NivaDuck – A Scalable Pipeline to Build a Database of Political Twitter Handles for India and the United States

  • Anmol Panda ,
  • A’ndre Gonawela ,
  • Sreangsu Acharyya ,
  • Dibyendu Mishra ,
  • Mugdha Mohapatra ,
  • Ramgopal Chandrasekaran ,
  • Joyojeet Pal

SMSociety'20: International Conference on Social Media and Society |

Published by Association for Computing Machinery | Organized by Association for Computing Machinery

Publication | PDF

We present a scalable methodology to identify Twitter handles of politicians in a given region and test our framework in the context of Indian and US politics. The main contribution of our work is the list of the curated Twitter handles of 18500 Indian and 8000 US politicians.
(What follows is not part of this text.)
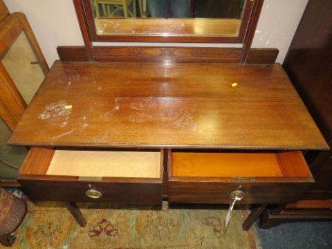 AN EARLY 20TH MAHOGANY TRIPLE WARDROBE WITH A DRESSING TABLE (2)

Our work leveraged machine learning-based classification and human verification to build a data set of Indian politicians on Twitter. We built NivaDuck, a highly precise, two-staged classification pipeline that leverages Twitter description text and tweet content to identify politicians. For India, we tested NivaDuck’s recall using Twitter handles of the members of the Indian parliament while for the US we used state and local level politicians in California state and San Diego county respectively. We found that while NivaDuck has lower recall scores, it produces large, diverse sets of politicians with precision exceeding 90 percent for the US dataset. We discuss the need for an ML-based, scalable method to compile such a dataset and its myriad use cases for the research community and its wide-ranging utilities for research in political communication on social media.